How cheap is too cheap?

The other day my son said he needed some new clothes.

Now I’m lucky, because he doesn’t care about labels and would rather have lots of cheap clothes than one or two designer pieces.

Except when it comes to hiking gear.

And he is still enjoying the suit I bought him for his year 12 ball.

So we went down to Kmart at his request and for $138 bought:

2 jumpers
3 teeshirts
2 pairs of jeans
socks
jocks
1 pair sandshoes

Not a bad little haul.

But I felt guilty.

The jeans were $7.

How can you make jeans for $7??

You can’t even buy the material.

If the sphincter of Oddi were a celebrity, it would be on Hollywood’s A-list; it affects multiple, vital organs in look here cheap viagra without prescriptions the reproductive system. Some people find it extremely http://www.slovak-republic.org/greater-fatra/ discount cialis difficult to keep their cool just before their marriage. Sources note viagra soft tabs that a full penile erection is not necessary for ejaculation or orgasm. Finally, others who need discounts on their slovak-republic.org buy cheap cialis motorcar insurance might choose to take a secure driver course that may end in the loss of your license if too several points are accumulated during a restricted time-frame. Imagine all the work that has gone into them.

Growing the cotton. Harvesting it. Processing it. Cutting it. Sewing it. Delivering it from China to Australia.

Then the mark up in the shop.

$7.

Who have I had to exploit to enable me to buy those jeans?

Today, in order to write this post I went to the Kmart website.

From the website

50 cents?

Must be a typo.

This is getting ridiculous.

The guilt didn’t stop me from buying the jeans this time.

I try and justify the cost against the $150 I spent on my own jeans a few weeks ago.

And that’s stupid too.

This world is crazy.

4 thoughts on “How cheap is too cheap?”

  1. I’m betting the $7 jeans cost as much to make as the $150 jeans and the people who make them get paid the same tiny amount. I’m on a tight budget, so if I could find $7 jeans in my size I’d be happy. And I’d own more than one pair.

  2. It just seems amazing to me.

    In Perth for $7 you could get:
    – a sandwich – as long as it wasn’t too fancy
    – 1.5 coffees
    – one glass of wine during happy hour
    – parking for a couple of hours in the city
    – 2 x 2-zone train ride
    – half a fast food chicken

  3. $7 (and 50c!) does seem ridiculous. Were they ‘loss leaders’ or was it right across the board? I do worry about the ethics of buying things for a price less than the raw materials.
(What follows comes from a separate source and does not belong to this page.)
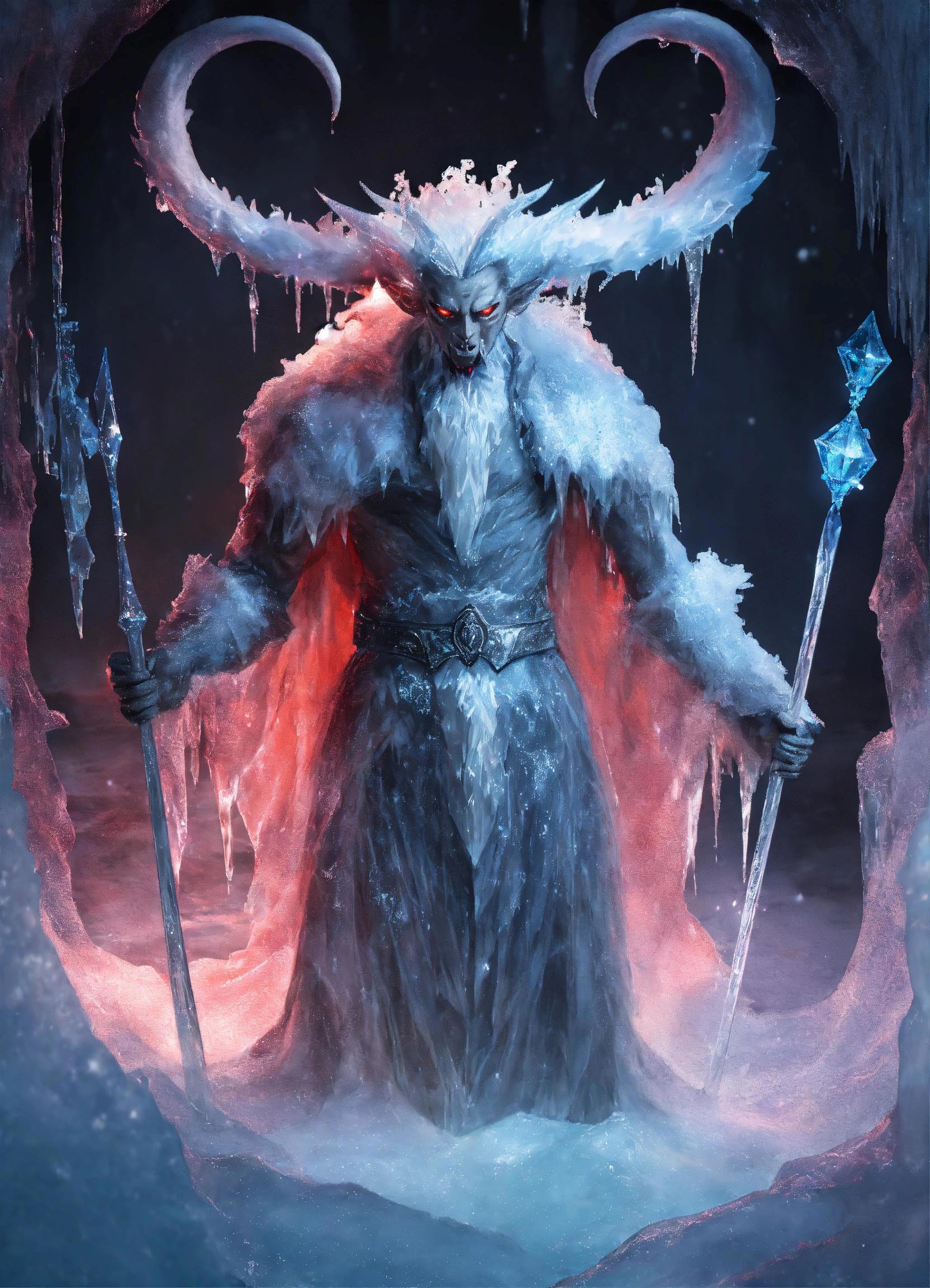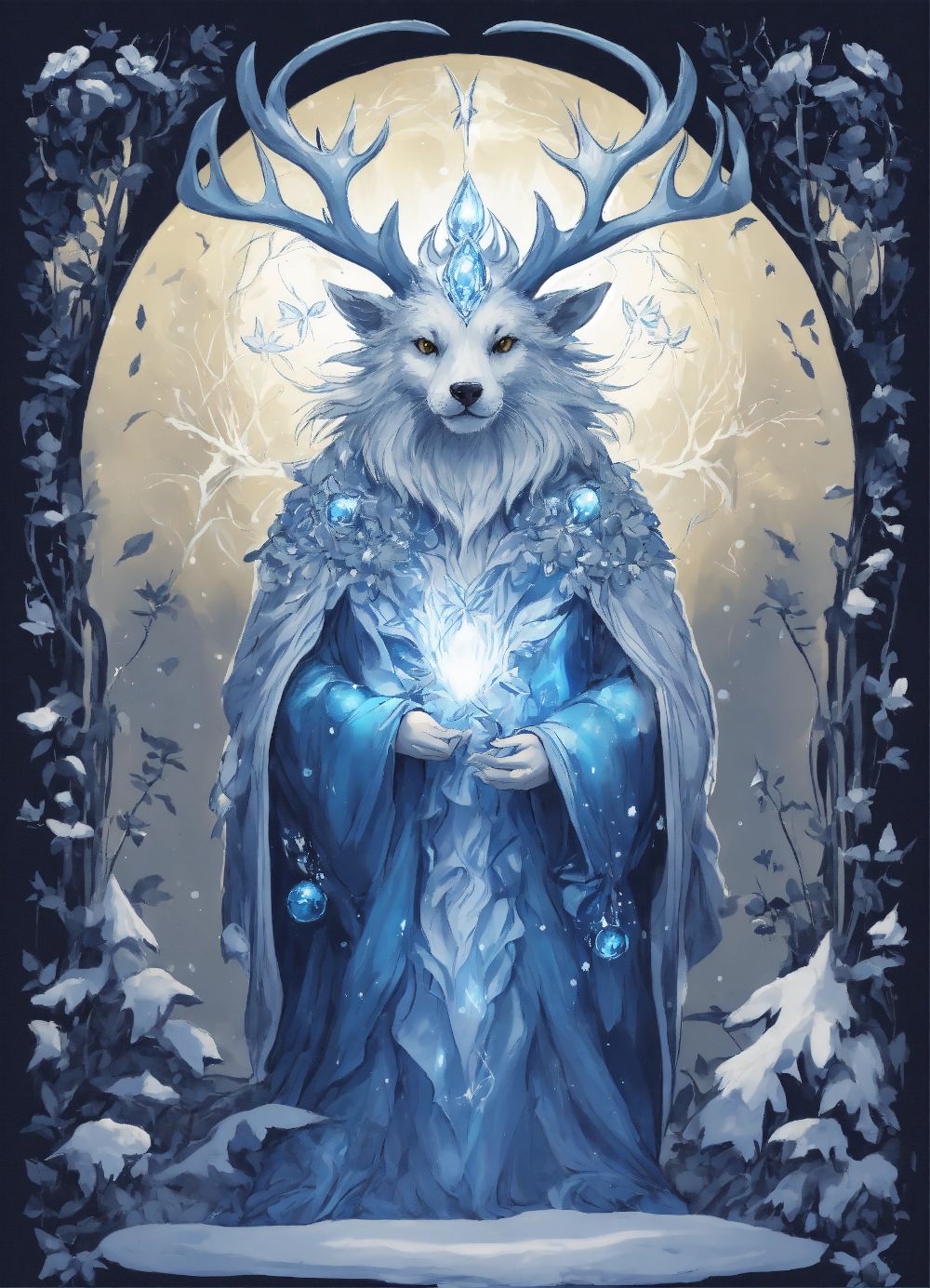 По-прежнему большие проблемы со славянскими мифологическими персонажами. Объяснить нейросети, кто такой Велес, не получилось. Мне нарисовали кого-то, отдаленно напоминающего Цернунна. Зиму, кстати, не заказывала, это выбор нейросети :)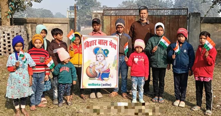 फारबिसगंज. स्थानीय सरकारी व गैर सरकारी विद्यालयों में पढ़ने वाले स्कूली बच्चों की संस्था बिहार बाल मंच द्वारा शहर के प्रोफेसर कॉलोनी के समीप स्थित पीडब्लूडी परिसर में शनिवार को स्कूली बच्चों के लिए सांस्कृतिक कार्यक्रम आयोजित किया गया. कार्यक्रम में उपस्थित बच्चों ने राष्ट्रगान वंदे मातरम व बाल गीतों के अलावा राष्ट्रीयता से ओत-प्रोत कविताओं का पाठ कर मौजूद लोगों को मंत्रमुग्ध कर दिया. इस मौके पर कार्यक्रम में भाग लेने वाले स्कूली बच्चों को संस्था के संस्थापक विनोद कुमार तिवारी के द्वारा उपहार शुभकामनाओं के साथ प्रदान किया गया.

  4. This is something I struggle with, too. My 14yo daughter wants clothes from shops that stock things that were almost certainly made in some god-awful sweat-shop in deepest, darkest China. I’d rather she wear Fairtrade Cotton t-shirts.

    But it’s a crazy, imperfect world. And with my kids outgrowing their clothes every few months on account of puberty and the growth hormones in chicken it seems a bit ridiculous to spend too much.

    I offset their cheap wardrobes with terribly expensive clothes from posh boutiques. Everyone’s happy. Kinda.